# WHAT THE TASK ASKS
Copy the listing exactly, leaving out every picture.
*** DATA EXTRACT Section Begins ***
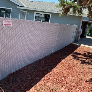 White Privacy Chainlink fence in backyard.
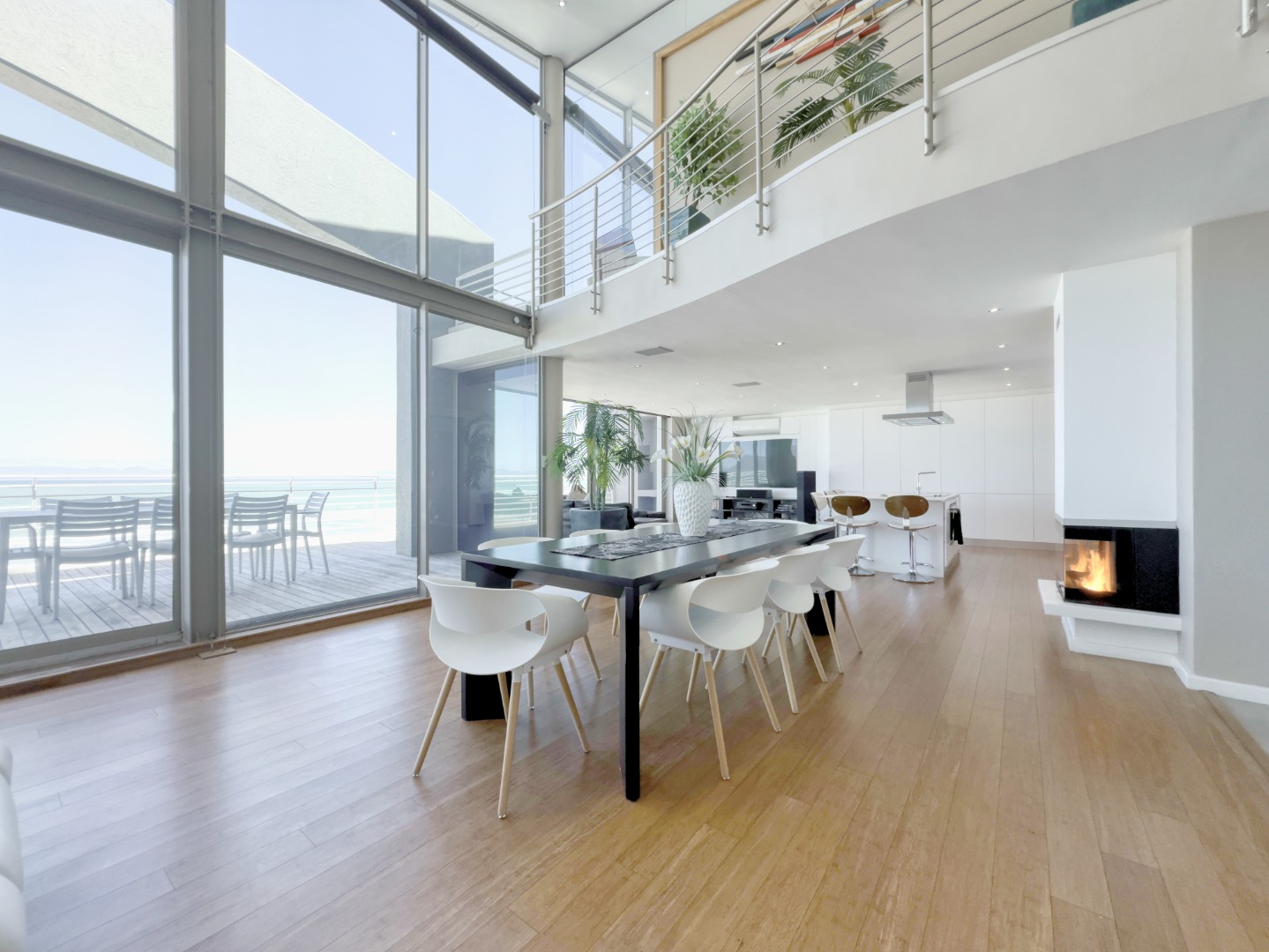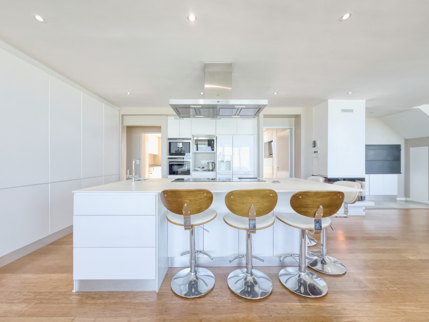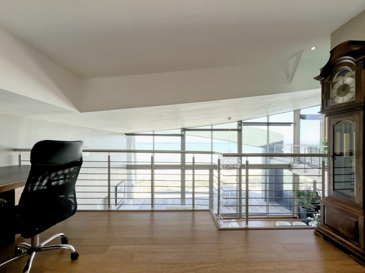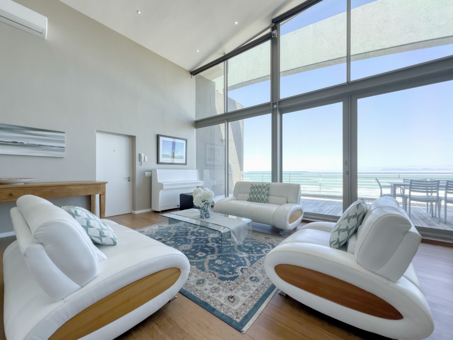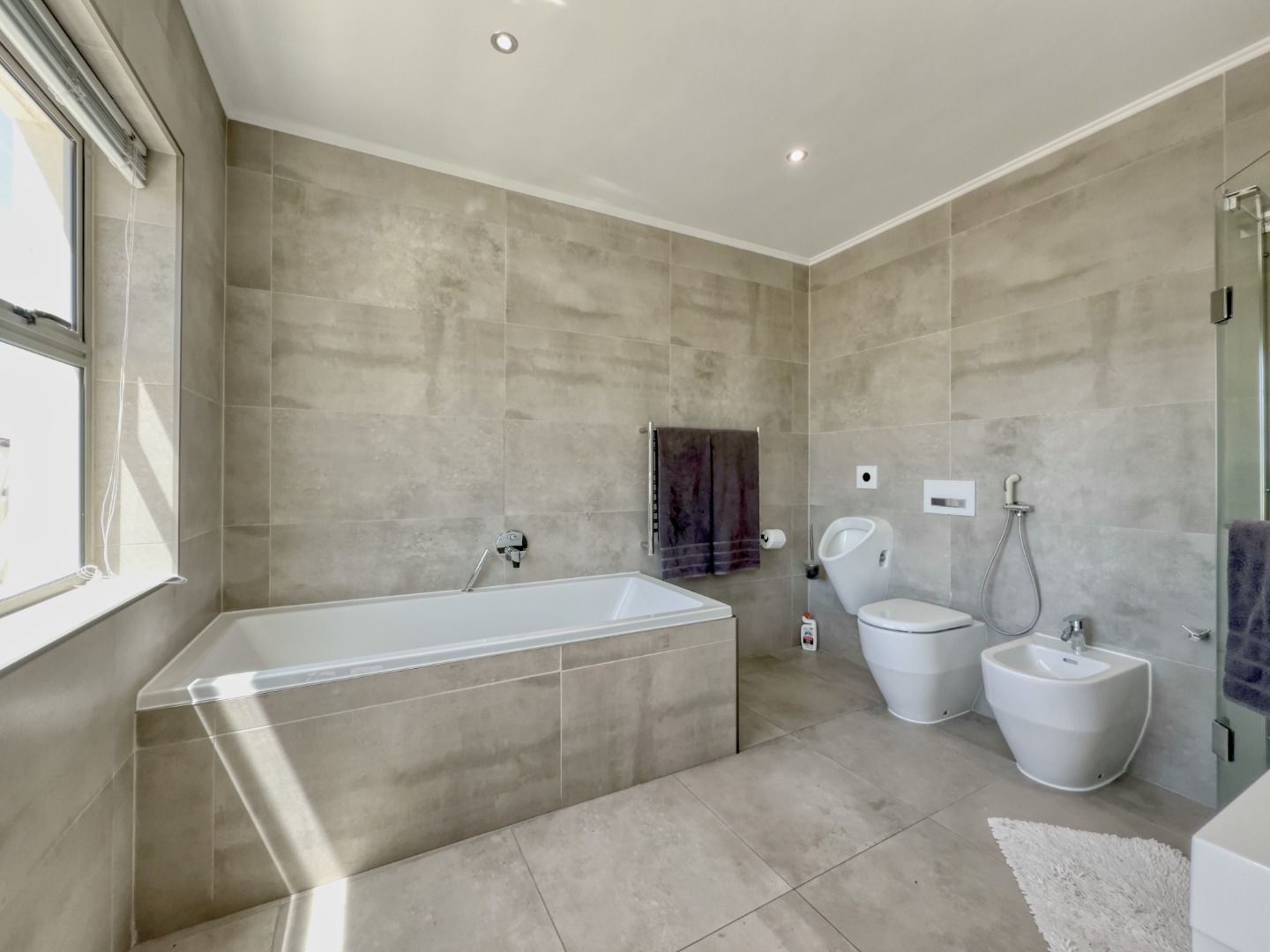 This impeccable 270m² penthouse offers luxurious living with bamboo flooring throughout and 300m² of outdoor entertainment space featuring artificial grass and Grappa timber decks. The master suite opens up onto the private rooftop terrace, which boasts an enclosed jacuzzi with incredible sea views, perfect for relaxation. The guest suites also have balcony access overlooking the entire Winelands.
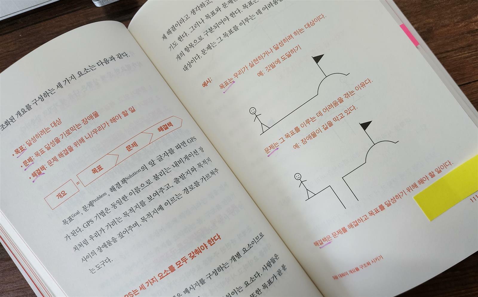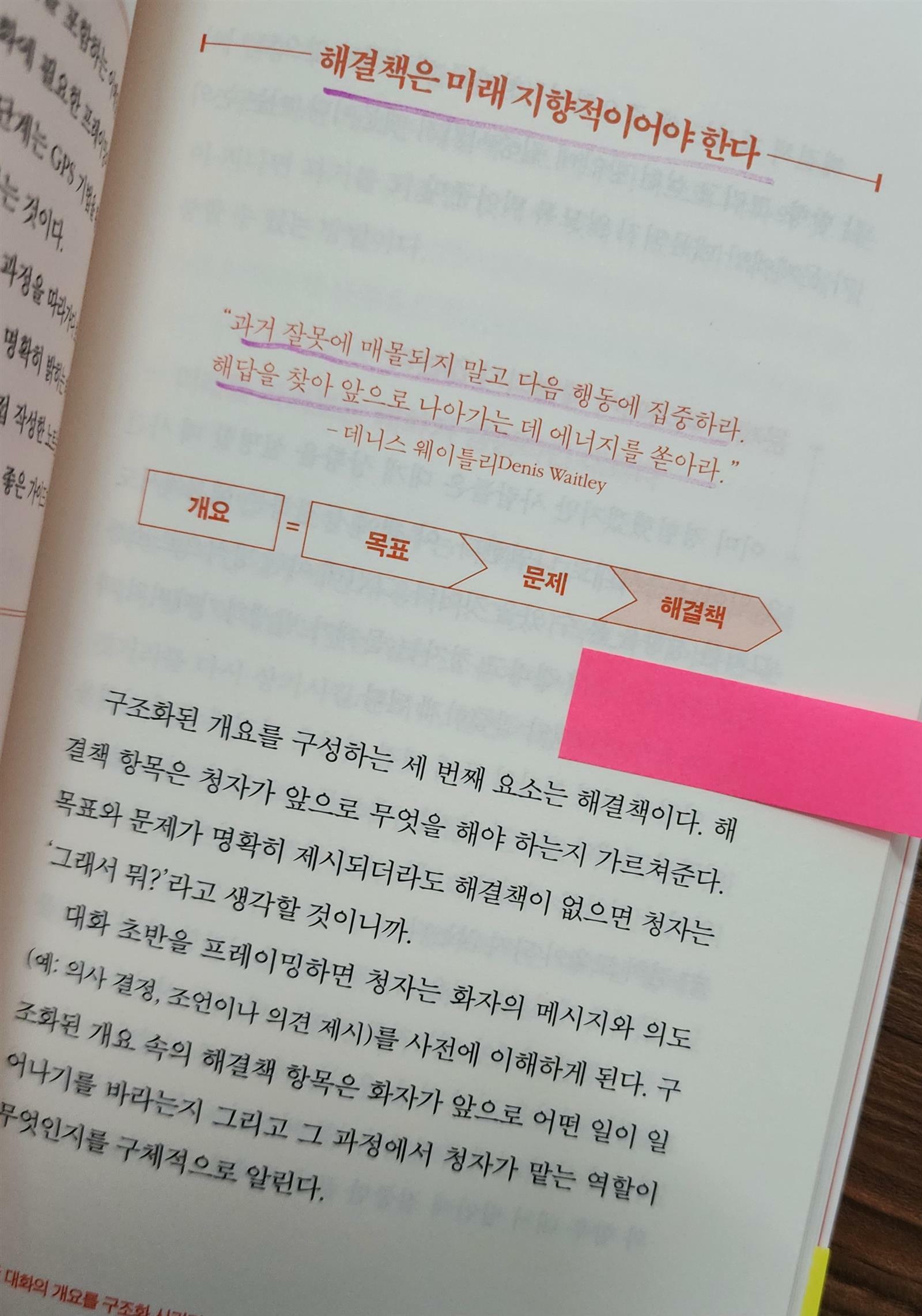 특히 인상적인 부분은 대화를 구조화하는 구체적인 해법이다. 저자는 복잡한 커뮤니케이션 이론 대신 누구나 바로 적용할 수 있는 틀을 제안한다. 바로 ‘목표–문제–해결책’ 구조다.
*** DATA EXTRACT Section Ends ***
# RESPONSE AREA
 White Privacy Chainlink fence in backyard.
 This impeccable 270m² penthouse offers luxurious living with bamboo flooring throughout and 300m² of outdoor entertainment space featuring artificial grass and Grappa timber decks. The master suite opens up onto the private rooftop terrace, which boasts an enclosed jacuzzi with incredible sea views, perfect for relaxation. The guest suites also have balcony access overlooking the entire Winelands.
 특히 인상적인 부분은 대화를 구조화하는 구체적인 해법이다. 저자는 복잡한 커뮤니케이션 이론 대신 누구나 바로 적용할 수 있는 틀을 제안한다. 바로 ‘목표–문제–해결책’ 구조다.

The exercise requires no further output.